I will kill you, Harry Potter…

 Just do a quick google of Bodyworlds and the sheer number of photos that come up showing the myriad bodies he has plasticised into the poses of copulation will prove to you just how much of a creepy, creepy man he is. Plastination is the process of submerging dead bodies in chemical compounds which cause their tissues to be replaced by touch plastic, so that the bodies can be moulded and displayed to show the intricacy of their anatomy, the workings of their various systems, or just for the sheer hell of making a bunch of dead people play poker for eternity. The exhibit opened recently in the Postbahnhof exhibition hall and resembles the most grisly PSE lesson you’ve ever had: each body is accompanied by a long and oddly flowery text explaining the dangers of something fun like drinking or smoking or being fat. Hagens has deconstructed the bodies in such a way as to display the most important systems within the human body, meaning that each ‘work’ is jarring in its own way, with stomach skin opening up like translucent wings or a skull expanded into several hovering chunks with a lonely brain suspended in the centre. To show the way the muscles do their own thing he also has a huge variety of bodies posed doing activities like chess or archery or riding a bike (although I failed to see the reason for the bike rider’s natty 1980’s tinted spectacles). Fascinatingly, you can also see the circulatory systems of specific organs minus the flesh, which were almost my favourite part of the whole exhibit as the sheer minuteness and complexity of the capillaries in the lungs or the kidney or a whole rooster, embodied in a bright red fuzz of plasticised fronds, is truly something; it is arresting to realise quite how bloody brilliant and clever biology is. Then you turn the corner and see the plasticised giraffe posed climbing halfway up a giant palm-tree and remember that the man who put this all together is out of his mind.
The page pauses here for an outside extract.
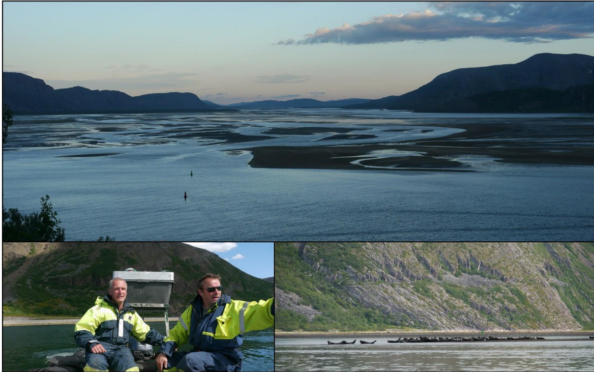
Tanamunningen. Forsøk på merking av seler i Tanamunningen, 2013.

I 2013 ble det satt i gang en prosess med å gi Tanavassdraget nye gytebestandsmål. I første omgang har Miljødirektoratet prioritert å etablere et mål for hele det lakseførende vassdraget ut i fra den vel etablerte metoden for førstegenerasjons gytebestandsmål. Dette har resultert i NINA-rapport 1087. På sikt er målet å innføre et andregenerasjons mål tuftet på større grad av objektive mål hentet inn fra felt. Blant annet denne langtidige målsetningen lå bak ungfiskundersøkelsen i Lakšjohka og Iškorasjohka. TF bidro også med habitatkartlegging ut i fra samme målsetning, og i de samme sideelvene.

If you need a little respite and mental repose after something so stimulating, might I then suggest that you do as I did and visit the Plötzensee? It’s a smallish lake in Wedding which features one of the best Strandbars I’ve been to thus far in this fair city. Berlin has a thing for its Strandbars, ‘beach bars’ which are filled with sand and deckchairs and where you can watch the sun set with a drink in your hand and where there is literally no perfect type of footwear for such a venue. Take your shoes off and succumb. The Plötzensee open beach is really something else, however, because unlike most beach bars it genuinely does feel like a beach, being on the coast of the lake and featuring real-life swimming, screaming children and red-trunks-wearing lifeguards who sit miles from the ‘sea’ and yell lacklustre warnings while sipping their mojitos. The green waters are surrounded by beautiful trees and in good weather the whole place feels like a secret lagoon. One can also rent a boat there and row or pedal around the lake, observing the herons and the grebes, or you can do as we did and, in true German style lounge, in the sun playing a good hearty round of Canasta. 

Card games on a beach in a forest in the city. You won’t find that in New York.